*** Opening of THE INPUT ***
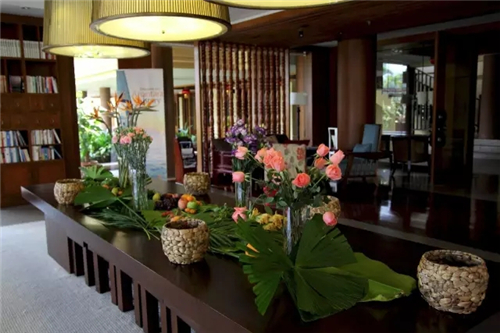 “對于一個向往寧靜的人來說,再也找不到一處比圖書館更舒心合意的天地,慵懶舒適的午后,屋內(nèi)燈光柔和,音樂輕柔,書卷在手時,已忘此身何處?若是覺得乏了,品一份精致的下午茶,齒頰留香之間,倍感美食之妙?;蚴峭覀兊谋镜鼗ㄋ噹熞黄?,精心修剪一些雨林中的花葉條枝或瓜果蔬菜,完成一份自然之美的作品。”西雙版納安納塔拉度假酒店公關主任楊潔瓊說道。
*** Close of THE INPUT ***
*** Opening of THE INPUT ***
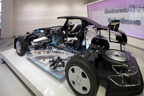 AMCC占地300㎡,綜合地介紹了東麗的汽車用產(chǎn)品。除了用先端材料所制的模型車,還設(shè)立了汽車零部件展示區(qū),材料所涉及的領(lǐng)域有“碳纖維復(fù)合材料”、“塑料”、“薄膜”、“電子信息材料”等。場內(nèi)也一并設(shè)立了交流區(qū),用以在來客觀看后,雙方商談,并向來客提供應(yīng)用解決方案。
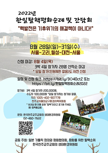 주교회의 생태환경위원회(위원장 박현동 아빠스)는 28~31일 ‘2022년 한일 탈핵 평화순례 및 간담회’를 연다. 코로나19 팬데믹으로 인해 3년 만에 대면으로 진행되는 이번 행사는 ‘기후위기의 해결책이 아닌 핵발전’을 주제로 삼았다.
*** Close of THE INPUT ***
*** Opening of THE INPUT ***
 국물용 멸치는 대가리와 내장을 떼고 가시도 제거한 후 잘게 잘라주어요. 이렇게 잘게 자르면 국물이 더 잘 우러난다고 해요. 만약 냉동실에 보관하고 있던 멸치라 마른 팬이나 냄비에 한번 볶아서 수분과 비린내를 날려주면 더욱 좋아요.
*** Close of THE INPUT ***
(YOUR ASSIGNMENT)
Pictures excluded, give again exactly and only the lines of the material above from the line with "AMCC占地300㎡,綜合地" through the line with "주교회의 생태환경위원회(위원장 박현동".

(RESPONSE BOX)
 AMCC占地300㎡,綜合地介紹了東麗的汽車用產(chǎn)品。除了用先端材料所制的模型車,還設(shè)立了汽車零部件展示區(qū),材料所涉及的領(lǐng)域有“碳纖維復(fù)合材料”、“塑料”、“薄膜”、“電子信息材料”等。場內(nèi)也一并設(shè)立了交流區(qū),用以在來客觀看后,雙方商談,并向來客提供應(yīng)用解決方案。
 주교회의 생태환경위원회(위원장 박현동 아빠스)는 28~31일 ‘2022년 한일 탈핵 평화순례 및 간담회’를 연다. 코로나19 팬데믹으로 인해 3년 만에 대면으로 진행되는 이번 행사는 ‘기후위기의 해결책이 아닌 핵발전’을 주제로 삼았다.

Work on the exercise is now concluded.